Изменить стиль страницы

Хотя импровизатор почувствовал приближение Бога, тем не менее в импровизации даже подлинного поэта наряду с подъемами, неожиданностями и сгустками вибрации неизбежны падения, случайности, пустоты, заполненные отработанными элементами. Иначе говоря, импровизация состоит из отдельных взлетов, связанных соединительной тканью (часто сюжетной, потому что это легче), из готовых элементов. Причина такой структуры понятна: импровизатор, будь он сам Мицкевич, не имеет времени, чтобы вслушаться в себя, в свой внутренний голос.

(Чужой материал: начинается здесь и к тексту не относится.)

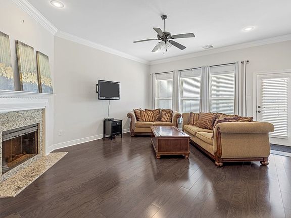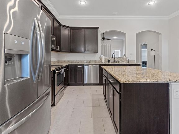 Welcome to the stunning Nerine IV A by DSLD Homes, an energy-smart home where modern living meets efficiency. This beautifully designed 3 bedroom, 2 bathroom home features a spacious open floor plan with elegant wood flooring and a charming corner fireplace with decorative granite mantle, perfect for entertaining and family gatherings. The kitchen boasts 3cm granite countertops, rich birch cabinets, and sleek stainless steel appliances, while thoughtful details like undermount sinks, crown molding throughout, and Pfister Tuscan Bronze plumbing fixtures add sophistication to every room. Ceramic tile in wet areas ensures both beauty and easy maintenance. Retreat to your private master suite featuring a large walk-in closet with double sinks, separate shower, and relaxing garden tub. This energy efficient home includes radiant barrier decking for superior temperature control and a post-tension slab foundation for lasting stability. Additional features include pre-wiring for security systems, a double garage for convenient parking and storage, and a covered patio perfect for outdoor entertaining. The seller has thoughtfully installed a partial privacy fence in the backyard with elegant wrought iron facing the water view, providing both privacy and unobstructed enjoyment of the scenic waterfront.

По условиям игры он не должен разочаровывать публику длительными паузами. У импровизатора почти до нуля сжата первая стадия процесса — тревога в ожидании порыва — и промежуточная, когда «расширенный пустеет взор» и наступает внутренняя тишина или «видения скрещенных рук». Поэт может погрузиться в себя, чтобы услышать высшее, что в нем заложено, только в минуты чрезвычайной сосредоточенности, а этого достичь на эстраде, под взглядами толпы, вероятно, почти невозможно. Даже актеры отделяются от зрительного зала тем, что погружают его в полумрак. Ярко освещенный зал цирка допустим только потому, что цирковое искусство дальше всего отстоит от импровизации и тайнослышанья. Оно основано на чистом мастерстве и на детальной проработке малейшего движения.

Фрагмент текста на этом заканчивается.